Please refer to Download and Install CodeWorks for Android for details on installing the CUDA Toolkit.
Before continuing, it is important to verify that the CUDA toolkit can find and communicate correctly with the cross compilers and that the CUDA-capable hardware has been updated with the correct OS image. To do this, you need to compile and run some of the included sample programs.
Make sure the Android NDK environment is set properly, inside Eclipse which was launched as the last step of installation, go to Windows > Preferences. Expand Android in the left pane of the dialog that appears and choose NDK. On the right pane, make sure that NDK location is set to
~/NVPACK/android-NDK-[version], click Apply and then OK.
This can be done through your System Settings > About tablet > Build number. The build number should match the Android image installed by CodeWorks for Android.

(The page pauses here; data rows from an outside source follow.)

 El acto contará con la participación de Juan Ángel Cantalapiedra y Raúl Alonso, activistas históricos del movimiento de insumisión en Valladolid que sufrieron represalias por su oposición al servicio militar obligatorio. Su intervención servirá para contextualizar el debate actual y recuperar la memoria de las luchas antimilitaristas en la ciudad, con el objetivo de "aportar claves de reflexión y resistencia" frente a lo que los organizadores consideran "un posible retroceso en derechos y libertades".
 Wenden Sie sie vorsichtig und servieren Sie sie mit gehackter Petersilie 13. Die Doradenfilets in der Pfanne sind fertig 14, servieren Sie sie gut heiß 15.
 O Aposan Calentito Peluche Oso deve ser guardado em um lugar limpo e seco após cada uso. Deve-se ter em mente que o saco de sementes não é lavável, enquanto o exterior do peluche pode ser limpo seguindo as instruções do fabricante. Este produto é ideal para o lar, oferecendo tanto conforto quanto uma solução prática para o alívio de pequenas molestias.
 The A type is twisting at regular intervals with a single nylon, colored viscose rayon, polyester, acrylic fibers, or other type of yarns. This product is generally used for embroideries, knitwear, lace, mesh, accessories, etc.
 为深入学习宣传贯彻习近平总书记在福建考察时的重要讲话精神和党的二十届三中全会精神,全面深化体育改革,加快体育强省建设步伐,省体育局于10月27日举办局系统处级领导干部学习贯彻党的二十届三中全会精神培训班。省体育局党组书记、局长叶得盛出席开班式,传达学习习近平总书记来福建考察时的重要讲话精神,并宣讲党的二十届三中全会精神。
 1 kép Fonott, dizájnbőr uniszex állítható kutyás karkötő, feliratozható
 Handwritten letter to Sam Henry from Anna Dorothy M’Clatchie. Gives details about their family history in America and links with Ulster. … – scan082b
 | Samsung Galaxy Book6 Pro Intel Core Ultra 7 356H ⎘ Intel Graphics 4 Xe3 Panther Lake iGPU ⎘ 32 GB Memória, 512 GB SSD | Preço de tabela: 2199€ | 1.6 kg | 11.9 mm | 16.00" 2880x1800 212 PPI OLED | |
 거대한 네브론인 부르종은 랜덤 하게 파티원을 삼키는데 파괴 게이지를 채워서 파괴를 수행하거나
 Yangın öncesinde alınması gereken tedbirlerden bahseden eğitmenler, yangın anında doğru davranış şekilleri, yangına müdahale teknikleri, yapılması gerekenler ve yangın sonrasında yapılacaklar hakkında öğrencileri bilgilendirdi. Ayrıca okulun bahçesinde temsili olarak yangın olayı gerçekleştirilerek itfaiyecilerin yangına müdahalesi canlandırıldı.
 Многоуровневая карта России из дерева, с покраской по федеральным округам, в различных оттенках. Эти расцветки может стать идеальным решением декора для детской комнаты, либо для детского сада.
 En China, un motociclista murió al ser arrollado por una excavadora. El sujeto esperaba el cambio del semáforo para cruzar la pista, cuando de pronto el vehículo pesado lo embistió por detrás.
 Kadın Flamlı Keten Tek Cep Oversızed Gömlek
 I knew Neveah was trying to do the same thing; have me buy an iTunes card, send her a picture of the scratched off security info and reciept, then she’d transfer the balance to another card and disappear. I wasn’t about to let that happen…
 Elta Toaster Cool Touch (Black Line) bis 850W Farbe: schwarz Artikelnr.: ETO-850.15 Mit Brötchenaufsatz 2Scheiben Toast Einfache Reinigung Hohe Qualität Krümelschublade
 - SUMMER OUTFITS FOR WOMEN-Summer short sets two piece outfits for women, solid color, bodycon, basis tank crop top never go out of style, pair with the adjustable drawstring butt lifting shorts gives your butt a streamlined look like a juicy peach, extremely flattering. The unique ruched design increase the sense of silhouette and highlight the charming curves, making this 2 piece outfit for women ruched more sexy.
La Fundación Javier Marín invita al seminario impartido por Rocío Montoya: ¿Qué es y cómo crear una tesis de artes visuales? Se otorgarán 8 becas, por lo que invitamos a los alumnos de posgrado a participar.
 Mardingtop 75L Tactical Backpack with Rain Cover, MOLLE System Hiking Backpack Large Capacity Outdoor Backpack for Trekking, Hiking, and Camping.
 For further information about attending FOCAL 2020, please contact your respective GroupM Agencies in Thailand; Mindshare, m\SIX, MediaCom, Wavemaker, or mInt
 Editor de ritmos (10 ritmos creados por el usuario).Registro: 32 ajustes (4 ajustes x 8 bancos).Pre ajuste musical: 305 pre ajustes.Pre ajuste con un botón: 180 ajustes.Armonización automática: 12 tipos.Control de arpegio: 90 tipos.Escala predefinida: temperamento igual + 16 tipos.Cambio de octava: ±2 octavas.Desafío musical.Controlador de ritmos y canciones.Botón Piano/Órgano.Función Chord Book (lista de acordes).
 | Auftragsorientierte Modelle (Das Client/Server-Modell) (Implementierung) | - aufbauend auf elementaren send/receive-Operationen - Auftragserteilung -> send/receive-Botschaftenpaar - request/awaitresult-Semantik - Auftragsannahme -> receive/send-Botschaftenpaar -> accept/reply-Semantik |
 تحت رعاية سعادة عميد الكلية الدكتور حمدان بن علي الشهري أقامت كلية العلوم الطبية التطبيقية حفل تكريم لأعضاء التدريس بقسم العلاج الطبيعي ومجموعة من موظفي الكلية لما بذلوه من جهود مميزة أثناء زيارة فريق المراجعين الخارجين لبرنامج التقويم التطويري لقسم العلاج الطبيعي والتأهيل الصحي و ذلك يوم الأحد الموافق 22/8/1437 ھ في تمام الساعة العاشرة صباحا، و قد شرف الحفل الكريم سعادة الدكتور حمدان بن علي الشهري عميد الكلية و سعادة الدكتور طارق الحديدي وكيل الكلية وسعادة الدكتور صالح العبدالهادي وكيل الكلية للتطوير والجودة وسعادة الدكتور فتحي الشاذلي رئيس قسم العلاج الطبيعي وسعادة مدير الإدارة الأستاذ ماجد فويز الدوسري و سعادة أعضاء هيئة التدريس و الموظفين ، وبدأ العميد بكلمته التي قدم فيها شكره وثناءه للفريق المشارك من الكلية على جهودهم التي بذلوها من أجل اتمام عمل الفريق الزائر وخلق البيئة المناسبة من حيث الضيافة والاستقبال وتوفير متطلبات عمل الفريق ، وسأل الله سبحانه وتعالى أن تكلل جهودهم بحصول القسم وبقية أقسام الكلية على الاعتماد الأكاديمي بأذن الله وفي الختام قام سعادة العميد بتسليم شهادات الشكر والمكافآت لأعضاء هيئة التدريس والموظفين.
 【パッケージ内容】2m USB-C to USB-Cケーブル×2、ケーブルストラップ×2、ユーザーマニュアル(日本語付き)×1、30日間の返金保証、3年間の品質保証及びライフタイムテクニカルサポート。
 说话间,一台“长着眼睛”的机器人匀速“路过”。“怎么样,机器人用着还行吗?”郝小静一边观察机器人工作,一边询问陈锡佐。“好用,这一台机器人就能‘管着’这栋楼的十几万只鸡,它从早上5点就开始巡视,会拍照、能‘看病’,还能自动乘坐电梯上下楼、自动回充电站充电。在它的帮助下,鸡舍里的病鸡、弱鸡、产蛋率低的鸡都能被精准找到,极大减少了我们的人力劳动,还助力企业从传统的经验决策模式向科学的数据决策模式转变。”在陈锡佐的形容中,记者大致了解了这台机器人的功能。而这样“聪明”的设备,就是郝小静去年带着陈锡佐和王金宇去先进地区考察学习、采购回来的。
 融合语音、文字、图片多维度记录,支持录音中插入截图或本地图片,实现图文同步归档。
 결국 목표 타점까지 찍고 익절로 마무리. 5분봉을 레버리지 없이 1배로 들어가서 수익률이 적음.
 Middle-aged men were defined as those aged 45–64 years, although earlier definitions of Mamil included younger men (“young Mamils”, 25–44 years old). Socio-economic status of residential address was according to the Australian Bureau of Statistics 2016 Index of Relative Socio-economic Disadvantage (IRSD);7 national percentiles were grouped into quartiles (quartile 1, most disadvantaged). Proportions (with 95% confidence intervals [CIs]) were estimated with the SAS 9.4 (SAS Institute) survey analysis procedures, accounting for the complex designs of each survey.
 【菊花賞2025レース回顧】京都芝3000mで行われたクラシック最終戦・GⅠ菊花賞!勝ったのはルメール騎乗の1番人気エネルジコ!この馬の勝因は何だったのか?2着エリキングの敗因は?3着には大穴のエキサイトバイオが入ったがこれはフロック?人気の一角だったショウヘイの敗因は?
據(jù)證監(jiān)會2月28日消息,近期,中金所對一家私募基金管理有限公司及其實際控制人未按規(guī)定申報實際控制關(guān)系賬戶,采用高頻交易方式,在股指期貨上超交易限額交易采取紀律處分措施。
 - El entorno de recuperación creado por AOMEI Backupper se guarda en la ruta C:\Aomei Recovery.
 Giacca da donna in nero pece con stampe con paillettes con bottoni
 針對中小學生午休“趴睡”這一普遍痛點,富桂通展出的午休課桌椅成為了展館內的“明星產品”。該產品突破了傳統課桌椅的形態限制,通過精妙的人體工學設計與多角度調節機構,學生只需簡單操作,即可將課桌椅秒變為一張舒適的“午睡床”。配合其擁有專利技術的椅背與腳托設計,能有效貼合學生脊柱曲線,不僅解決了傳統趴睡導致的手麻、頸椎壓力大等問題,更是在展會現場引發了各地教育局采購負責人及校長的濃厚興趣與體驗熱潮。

The version of the CUDA Toolkit can be checked by running
nvcc -V in a terminal window. The
nvcc command runs the compiler driver that compiles CUDA programs.
It calls the NDK
gcc compiler for C code and the NVIDIA PTX compiler for the CUDA code.
The NVIDIA CUDA Toolkit includes sample programs in source form. You should compile them by choosing
~/NVPACK/cudasample_workspace as the workspace in the Eclipse that was installed in previous steps. The samples are already imported in this workspace.
On the command line, change directory to the
cuda directory within the desired sample's directory. Run
make. This will build the CUDA components in to a native library in the same directory.
In Eclipse, select and right-click on the desired sample's project, and select Build Project. This will build the APK for the project in to the
bin directory within the sample's directory.
After successfully building the project, in Eclipse, right click the project and select Run As > Android Application.
Results of running the boxFilter sample
The exact appearance might be different on your system. The important outcome is that a blurred version of the Lena image is visible, which signifies both that the device was found, and that a CUDA application was successfully able to run.